## Your instructions
In your copy, reproduce each entry exactly and leave out the pictures.

## Supplied records
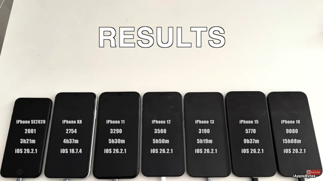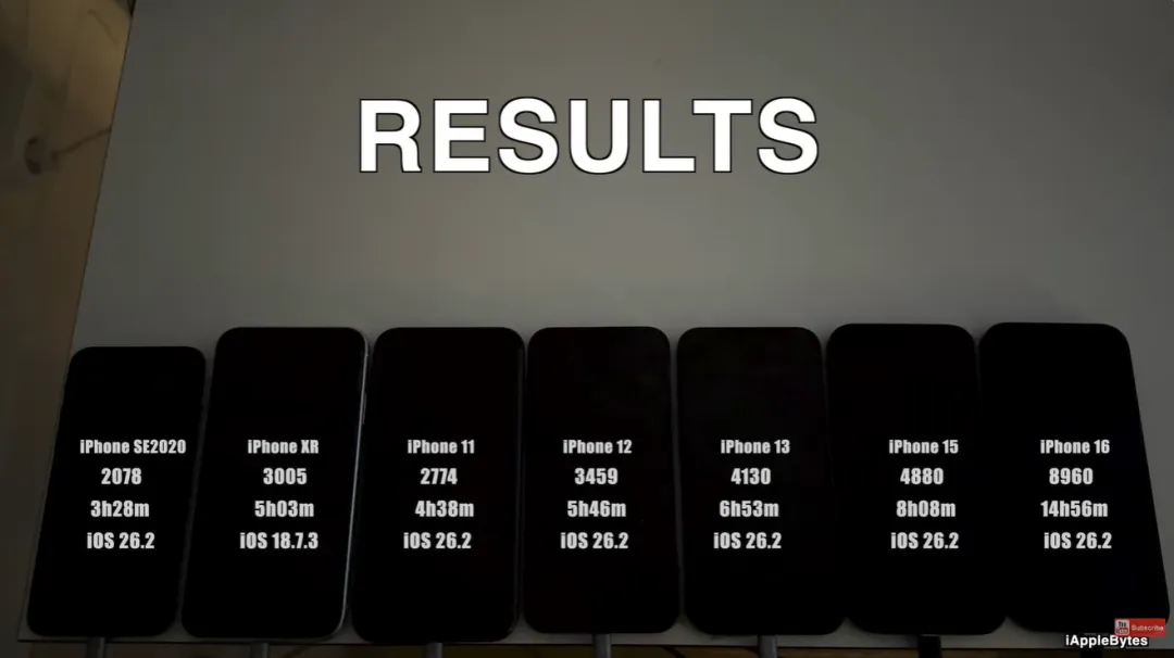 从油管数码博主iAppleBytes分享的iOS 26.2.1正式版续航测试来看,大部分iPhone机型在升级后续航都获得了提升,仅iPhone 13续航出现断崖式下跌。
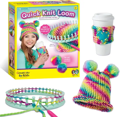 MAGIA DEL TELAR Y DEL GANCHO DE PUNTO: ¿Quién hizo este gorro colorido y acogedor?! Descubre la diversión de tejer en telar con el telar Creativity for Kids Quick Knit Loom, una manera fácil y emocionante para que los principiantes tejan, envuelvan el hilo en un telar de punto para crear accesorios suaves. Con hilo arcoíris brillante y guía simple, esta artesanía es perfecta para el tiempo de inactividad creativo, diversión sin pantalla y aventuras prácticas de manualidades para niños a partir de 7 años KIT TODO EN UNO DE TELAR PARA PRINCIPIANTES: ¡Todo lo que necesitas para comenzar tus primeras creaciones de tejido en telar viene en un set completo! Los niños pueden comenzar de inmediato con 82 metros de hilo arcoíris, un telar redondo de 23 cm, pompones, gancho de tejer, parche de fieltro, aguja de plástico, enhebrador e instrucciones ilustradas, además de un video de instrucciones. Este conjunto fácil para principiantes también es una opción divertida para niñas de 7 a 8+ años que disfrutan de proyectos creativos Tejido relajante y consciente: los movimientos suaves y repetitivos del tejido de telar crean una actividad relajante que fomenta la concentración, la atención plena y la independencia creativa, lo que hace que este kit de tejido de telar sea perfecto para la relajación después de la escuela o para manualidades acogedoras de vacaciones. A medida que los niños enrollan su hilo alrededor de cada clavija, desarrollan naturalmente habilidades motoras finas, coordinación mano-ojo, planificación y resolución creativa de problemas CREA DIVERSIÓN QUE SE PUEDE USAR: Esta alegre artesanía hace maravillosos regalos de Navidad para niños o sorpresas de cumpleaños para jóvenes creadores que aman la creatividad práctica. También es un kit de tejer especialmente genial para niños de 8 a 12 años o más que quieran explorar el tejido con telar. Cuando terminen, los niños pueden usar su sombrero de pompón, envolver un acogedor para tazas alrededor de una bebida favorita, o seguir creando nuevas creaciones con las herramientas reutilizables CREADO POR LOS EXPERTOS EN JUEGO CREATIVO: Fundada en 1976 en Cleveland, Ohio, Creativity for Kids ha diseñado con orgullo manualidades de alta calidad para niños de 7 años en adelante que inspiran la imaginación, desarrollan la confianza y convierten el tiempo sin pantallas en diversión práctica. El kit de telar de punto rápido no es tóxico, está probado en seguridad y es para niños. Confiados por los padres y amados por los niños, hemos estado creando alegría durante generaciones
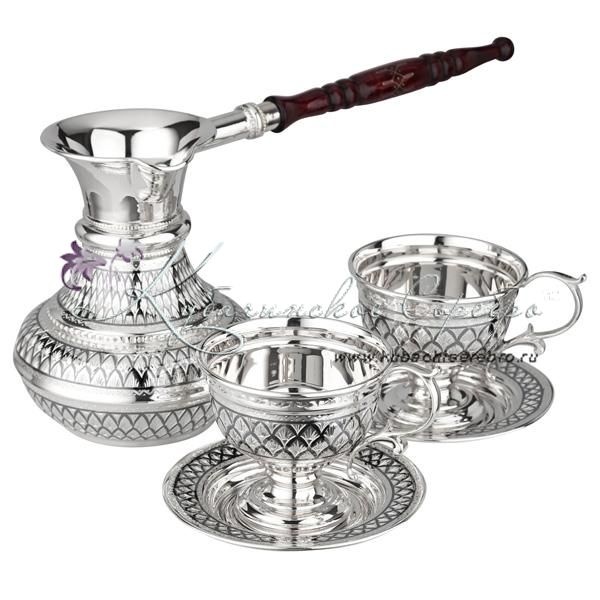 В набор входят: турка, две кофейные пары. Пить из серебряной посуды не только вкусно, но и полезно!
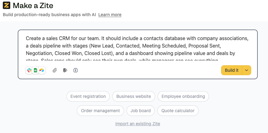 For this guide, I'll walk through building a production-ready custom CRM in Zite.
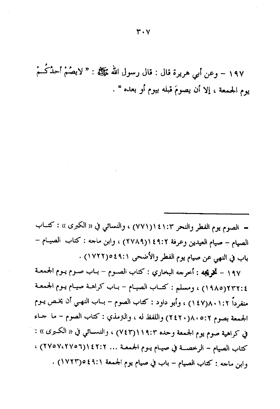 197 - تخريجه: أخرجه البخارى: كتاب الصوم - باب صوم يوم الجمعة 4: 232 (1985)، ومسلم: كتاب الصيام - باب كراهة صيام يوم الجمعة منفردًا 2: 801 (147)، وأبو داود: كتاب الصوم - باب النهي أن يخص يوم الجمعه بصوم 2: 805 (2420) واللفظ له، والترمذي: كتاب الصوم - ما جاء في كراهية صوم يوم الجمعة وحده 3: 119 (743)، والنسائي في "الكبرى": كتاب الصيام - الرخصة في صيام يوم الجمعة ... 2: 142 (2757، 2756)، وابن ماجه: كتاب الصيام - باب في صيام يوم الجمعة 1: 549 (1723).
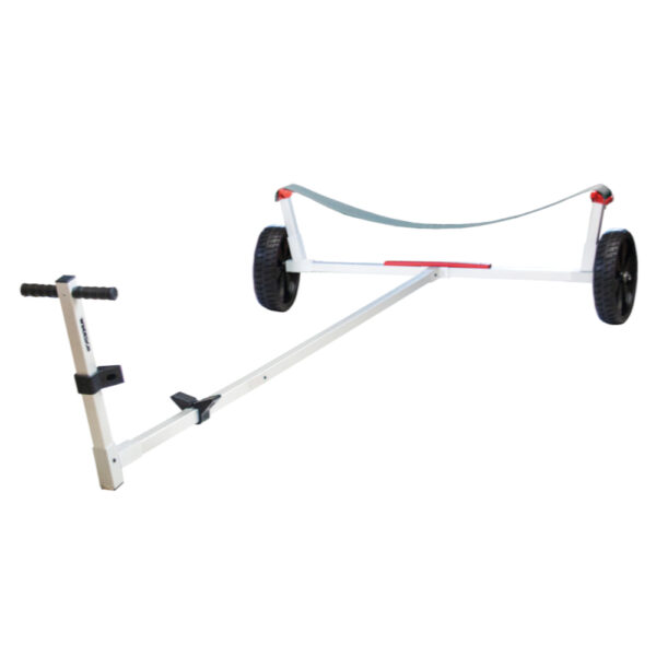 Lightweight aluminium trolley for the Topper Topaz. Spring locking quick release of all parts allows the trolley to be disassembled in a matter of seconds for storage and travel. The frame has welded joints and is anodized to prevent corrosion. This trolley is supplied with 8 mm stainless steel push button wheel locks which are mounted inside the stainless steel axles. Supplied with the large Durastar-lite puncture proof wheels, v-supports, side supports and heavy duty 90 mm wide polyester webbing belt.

## Output for this exercise
 从油管数码博主iAppleBytes分享的iOS 26.2.1正式版续航测试来看,大部分iPhone机型在升级后续航都获得了提升,仅iPhone 13续航出现断崖式下跌。
 MAGIA DEL TELAR Y DEL GANCHO DE PUNTO: ¿Quién hizo este gorro colorido y acogedor?! Descubre la diversión de tejer en telar con el telar Creativity for Kids Quick Knit Loom, una manera fácil y emocionante para que los principiantes tejan, envuelvan el hilo en un telar de punto para crear accesorios suaves. Con hilo arcoíris brillante y guía simple, esta artesanía es perfecta para el tiempo de inactividad creativo, diversión sin pantalla y aventuras prácticas de manualidades para niños a partir de 7 años KIT TODO EN UNO DE TELAR PARA PRINCIPIANTES: ¡Todo lo que necesitas para comenzar tus primeras creaciones de tejido en telar viene en un set completo! Los niños pueden comenzar de inmediato con 82 metros de hilo arcoíris, un telar redondo de 23 cm, pompones, gancho de tejer, parche de fieltro, aguja de plástico, enhebrador e instrucciones ilustradas, además de un video de instrucciones. Este conjunto fácil para principiantes también es una opción divertida para niñas de 7 a 8+ años que disfrutan de proyectos creativos Tejido relajante y consciente: los movimientos suaves y repetitivos del tejido de telar crean una actividad relajante que fomenta la concentración, la atención plena y la independencia creativa, lo que hace que este kit de tejido de telar sea perfecto para la relajación después de la escuela o para manualidades acogedoras de vacaciones. A medida que los niños enrollan su hilo alrededor de cada clavija, desarrollan naturalmente habilidades motoras finas, coordinación mano-ojo, planificación y resolución creativa de problemas CREA DIVERSIÓN QUE SE PUEDE USAR: Esta alegre artesanía hace maravillosos regalos de Navidad para niños o sorpresas de cumpleaños para jóvenes creadores que aman la creatividad práctica. También es un kit de tejer especialmente genial para niños de 8 a 12 años o más que quieran explorar el tejido con telar. Cuando terminen, los niños pueden usar su sombrero de pompón, envolver un acogedor para tazas alrededor de una bebida favorita, o seguir creando nuevas creaciones con las herramientas reutilizables CREADO POR LOS EXPERTOS EN JUEGO CREATIVO: Fundada en 1976 en Cleveland, Ohio, Creativity for Kids ha diseñado con orgullo manualidades de alta calidad para niños de 7 años en adelante que inspiran la imaginación, desarrollan la confianza y convierten el tiempo sin pantallas en diversión práctica. El kit de telar de punto rápido no es tóxico, está probado en seguridad y es para niños. Confiados por los padres y amados por los niños, hemos estado creando alegría durante generaciones
 В набор входят: турка, две кофейные пары. Пить из серебряной посуды не только вкусно, но и полезно!
 For this guide, I'll walk through building a production-ready custom CRM in Zite.
 197 - تخريجه: أخرجه البخارى: كتاب الصوم - باب صوم يوم الجمعة 4: 232 (1985)، ومسلم: كتاب الصيام - باب كراهة صيام يوم الجمعة منفردًا 2: 801 (147)، وأبو داود: كتاب الصوم - باب النهي أن يخص يوم الجمعه بصوم 2: 805 (2420) واللفظ له، والترمذي: كتاب الصوم - ما جاء في كراهية صوم يوم الجمعة وحده 3: 119 (743)، والنسائي في "الكبرى": كتاب الصيام - الرخصة في صيام يوم الجمعة ... 2: 142 (2757، 2756)، وابن ماجه: كتاب الصيام - باب في صيام يوم الجمعة 1: 549 (1723).
 Lightweight aluminium trolley for the Topper Topaz. Spring locking quick release of all parts allows the trolley to be disassembled in a matter of seconds for storage and travel. The frame has welded joints and is anodized to prevent corrosion. This trolley is supplied with 8 mm stainless steel push button wheel locks which are mounted inside the stainless steel axles. Supplied with the large Durastar-lite puncture proof wheels, v-supports, side supports and heavy duty 90 mm wide polyester webbing belt.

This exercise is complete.